TLDR;
This video serves as an introductory guide to linked lists, contrasting them with arrays and explaining their structure, advantages, and real-world applications. It covers the fundamental concepts of linked lists, including their non-contiguous memory allocation, dynamic sizing, and the use of pointers for traversal. The video also explains how to define and manipulate linked lists in both C++ and Java, including converting arrays to linked lists, traversing linked lists, and determining their length.
- Linked lists are dynamic data structures that can grow or shrink in size, unlike arrays.
- Elements in a linked list are not stored in contiguous memory locations.
- Each element in a linked list contains data and a pointer to the next element.
- Linked lists are used in stacks, queues, and browser navigation.
- The video provides code examples in both C++ and Java.

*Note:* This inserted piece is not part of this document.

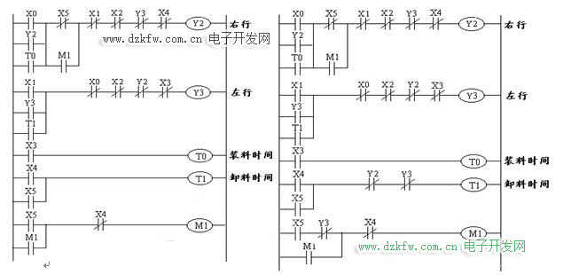 1)要实现两处卸料,重要的是判断小车右行时在sq3处是否需要停。可增加一个辅助继电器(m1)来记忆小车是否到过sq3(m1+),或sq2(m1—)。

Introduction to Linked Lists [0:03]
The lecture introduces the concept of linked lists as a data structure that, unlike arrays, can dynamically increase or decrease in size. Arrays have a fixed size and store elements in contiguous memory locations, making it impossible to add elements beyond the defined size. Linked lists, however, do not have this limitation.
Linked List Structure and Memory Allocation [2:36]

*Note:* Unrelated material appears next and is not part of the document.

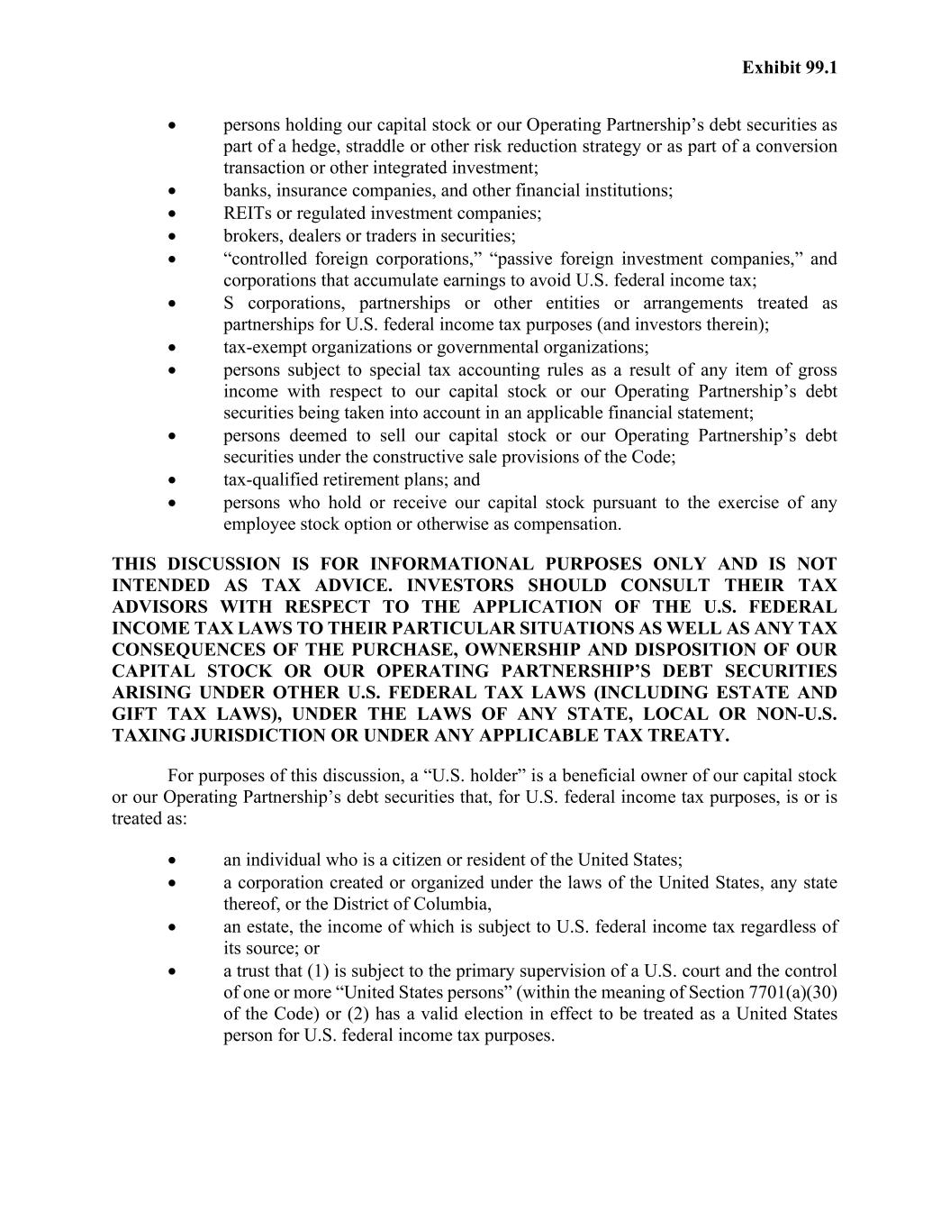 Exhibit 99.1 persons holding our capital stock or our Operating Partnership’s debt securities as part of a hedge, straddle or other risk reduction strategy or as part of a conversion transaction or other integrated investment; banks, insurance companies, and other financial institutions; REITs or regulated investment companies; brokers, dealers or traders in securities; “controlled foreign corporations,” “passive foreign investment companies,” and corporations that accumulate earnings to avoid U.S. federal income tax; S corporations, partnerships or other entities or arrangements treated as partnerships for U.S. federal income tax purposes (and investors therein); tax-exempt organizations or governmental organizations; persons subject to special tax accounting rules as a result of any item of gross income with respect to our capital stock or our Operating Partnership’s debt securities being taken into account in an applicable financial statement; persons deemed to sell our capital stock or our Operating Partnership’s debt securities under the constructive sale provisions of the Code; tax-qualified retirement plans; and persons who hold or receive our capital stock pursuant to the exercise of any employee stock option or otherwise as compensation. THIS DISCUSSION IS FOR INFORMATIONAL PURPOSES ONLY AND IS NOT INTENDED AS TAX ADVICE. INVESTORS SHOULD CONSULT THEIR TAX ADVISORS WITH RESPECT TO THE APPLICATION OF THE U.S. FEDERAL INCOME TAX LAWS TO THEIR PARTICULAR SITUATIONS AS WELL AS ANY TAX CONSEQUENCES OF THE PURCHASE, OWNERSHIP AND DISPOSITION OF OUR CAPITAL STOCK OR OUR OPERATING PARTNERSHIP’S DEBT SECURITIES ARISING UNDER OTHER U.S. FEDERAL TAX LAWS (INCLUDING ESTATE AND GIFT TAX LAWS), UNDER THE LAWS OF ANY STATE, LOCAL OR NON-U.S. TAXING JURISDICTION OR UNDER ANY APPLICABLE TAX TREATY. For purposes of this discussion, a “U.S. holder” is a beneficial owner of our capital stock or our Operating Partnership’s debt securities that, for U.S. federal income tax purposes, is or is treated as: an individual who is a citizen or resident of the United States; a corporation created or organized under the laws of the United States, any state thereof, or the District of Columbia, an estate, the income of which is subject to U.S. federal income tax regardless of its source; or a trust that (1) is subject to the primary supervision of a U.S. court and the control of one or more “United States persons” (within the meaning of Section 7701(a)(30) of the Code) or (2) has a valid election in effect to be treated as a United States person for U.S. federal income tax purposes.

Linked lists store elements in a non-contiguous manner in the heap memory. Each element, whether it's an integer, double, or another data type, is stored along with a pointer to the next element in the list. This structure allows for dynamic resizing, as new elements can be added anywhere in the heap memory without needing adjacent space. Traversal through a linked list is achieved by following these pointers from one element to the next, starting from the head, which is the first element in the list, and ending at the tail, which points to null.

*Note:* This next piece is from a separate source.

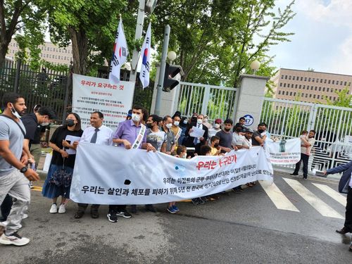 (서울=연합뉴스) 이상서 기자 = 이집트에서 온 난민 신청자들이 난민 심사 시스템을 개선하고, 인종차별을 중단하라고 법무부에 요구했다.

Advantages and Use Cases of Linked Lists [5:14]
The primary advantage of linked lists over arrays is their ability to dynamically change size. This makes them suitable for applications like stacks and queues, where the size of the data structure needs to vary. In real-world scenarios, linked lists are used in browser navigation to manage the history of visited pages, allowing users to go back and forward.
Data Structures: Structs, Classes, and Self-Defined Objects [13:18]
To implement linked lists, it's essential to understand structs and classes, which are used to create self-defined data types. In C++, a struct or class is defined to hold both the data and a pointer to the next node. The new keyword is used to allocate memory for a new node, and a constructor is used to initialise the node's data and next pointer. While structs and classes can be used interchangeably, classes offer object-oriented programming concepts like abstraction and encapsulation.
Implementing Linked Lists in Java [24:12]
In Java, linked lists are implemented using classes, similar to C++, but without the concept of pointers. Instead, object references are used. The key differences in Java code include the absence of pointers, the use of . to access class members, and the use of null instead of null pointer. The video demonstrates how easily C++ code can be converted to Java by removing pointers and making these minor adjustments.
Memory Space Considerations [26:28]
The memory space occupied by a linked list depends on the system architecture (32-bit or 64-bit) and the data types being stored. For example, in a 32-bit system, an integer and a pointer each take up 4 bytes, resulting in a total of 8 bytes per node. In a 64-bit system, a pointer takes up 8 bytes, increasing the total memory per node to 12 bytes.
Converting an Array to a Linked List [28:03]
The video explains the process of converting an array into a linked list. The first element of the array becomes the head of the linked list. A mover variable is used to traverse the array, creating new nodes for each element and linking them together. The mover is updated to point to the newly created node, ensuring the linked list is properly connected. The function returns the head of the linked list, which serves as the starting point for traversal.
Traversal in a Linked List [37:21]
Traversal involves visiting each node in the linked list, starting from the head. A temporary variable is used to iterate through the list without tampering with the head. The data in each node is accessed and processed, and the temporary variable is moved to the next node until the end of the list is reached (null).
Finding the Length of a Linked List [40:13]
To find the length, a counter is initialised to zero. The list is traversed, and the counter is incremented for each node visited. The final count represents the length of the linked list.
Searching in a Linked List [42:01]
Searching involves traversing the list to check if a given element is present. Each node's data is compared to the target value. If a match is found, the function returns true; otherwise, it continues until the end of the list. If the element is not found, the function returns false. The time complexity for searching is O(n) in the worst case.